Oui, j'ai un frangin qui a acheté une très jolie maison de maître pour 100 000 ou 200 000 balles dans une petite ville vosgienne... donc 2 fois moins cher qu'un 50m2 parisien. :mrgreen:

– Es-tu membre de la Légion d’honneur ?

Non, mais j'ai refusé que mon chef me propose aux Palmes Académiques :lol: :lol: :lol: (en demandant combien ça rapportait, et quand il m'a dit "rien") Suis vénale. :mrgreen:



Il manque un item dont j'ai remarqué qu'il traçait curieusement une super barrière sociologique.
La pratique d'un instrument de musique.
Les enfants du peuple écoutent de la musique, les enfants de la bourgeoisie cultivée pratiquent un instrument.

Re: fil "interventions de La Riposte"

Message Publié : 25 Août 2019, 15:32
par Cyrano
Quoique... quoique... Les enfants du peuple qu'ont eu des parents communistes ont pratiqué la fanfare. Et les enfants du peuple rebelles ont pratiqué la guitare électrique et la batterie... et très fort, même. Mais, je l'accorde, la flûte traversière, beaucoup moins.

Re: fil "interventions de La Riposte"

Message Publié : 25 Août 2019, 16:35
par Byrrh
Les questions sont intéressantes.

– Connais-tu les prénoms de tes arrière-grands parents ?
Hmm... Un du côté de mon père : Umberto. Une du côté de ma mère : Pauline, mais je ne suis pas sûr.

– Possède-tu des biens mobiliers ou immobiliers à l’étranger ?
Si c'est dans un département anciennement annexé au Reich, ça compte ? De toute façon, ça reviendra à LO plus tard.

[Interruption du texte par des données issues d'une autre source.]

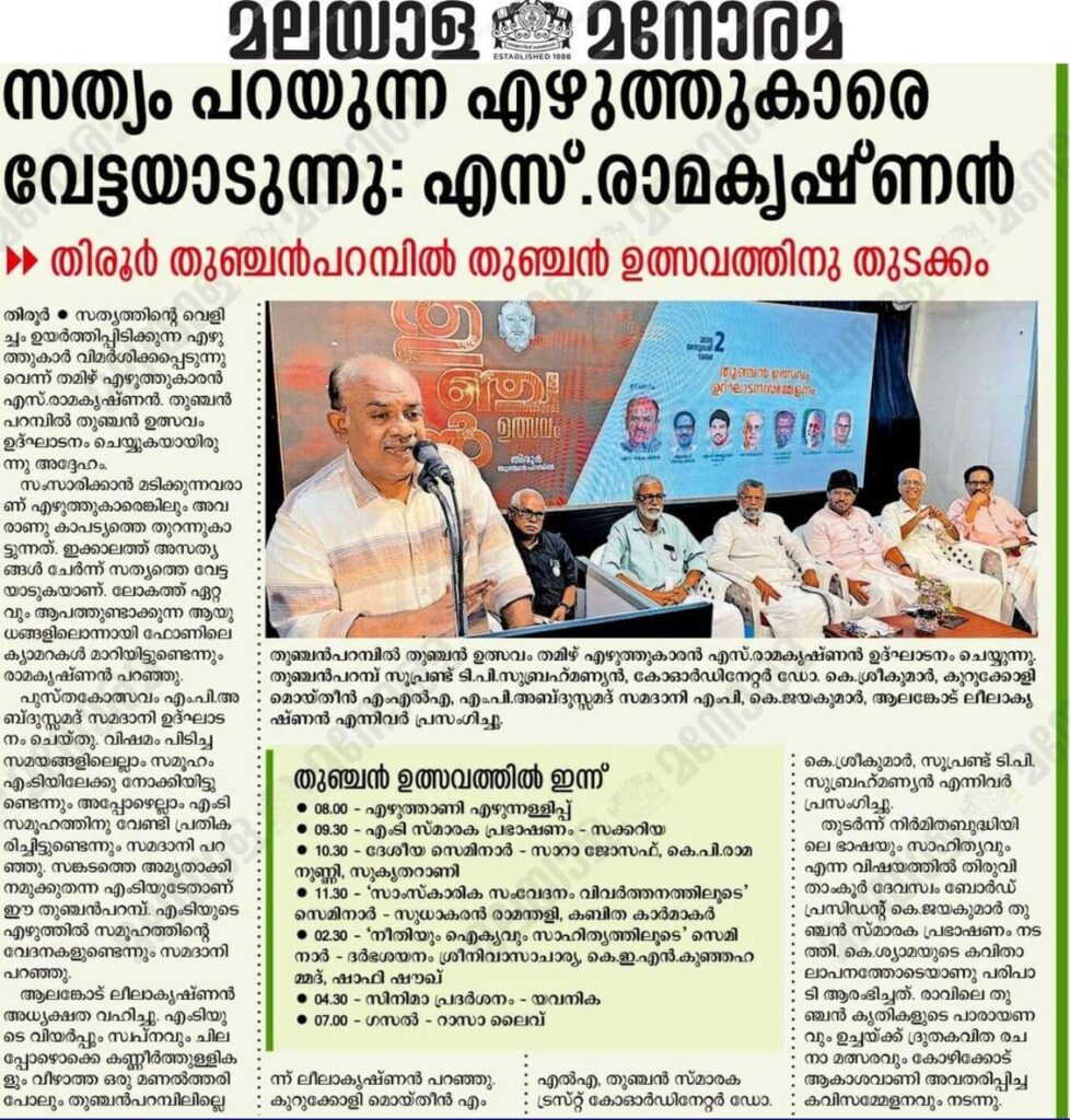 துஞ்சன் இலக்கிய விழாவில் . துஞ்சன்பரம்பு மேற்பார்வையாளர் டி.பி.சுப்பிரமணியன் , ஒருங்கிணைப்பாளர் டாக்டர் கே.ஸ்ரீகுமார், கே.ஜெயக்குமார் IAS, குருக்கோழி மொய்தீன் எம்எல்ஏ, அப்துல் ஸமது சமதானி எம்பி, கவிஞர் ஆலங்கோடு லீலாகிருஷ்ணன் ஆகியோர் கலந்து கொண்டு உரையாற்றினார்கள்.

– Des rues portent-elles le nom de membres de ta famille ?
Oui, une... :D Le nom d'un grand-père, aujourd'hui décédé, qui était maire d'un village dans les Vosges. Mais il avait donné son parrainage à Arlette Laguiller en 1995, alors... 8-)

Apparemment, ce sont mes seuls signes d'appartenance à la bourgeoisie. Je ne joue pas d'un instrument de musique, et je suis très nul en langues étrangères (je me débrouille à peine en anglais).

J'ai un pote à Paris qui, tout en étant trotskyste, pourrait sans doute répondre "oui" à toutes les questions du quizz... 8-)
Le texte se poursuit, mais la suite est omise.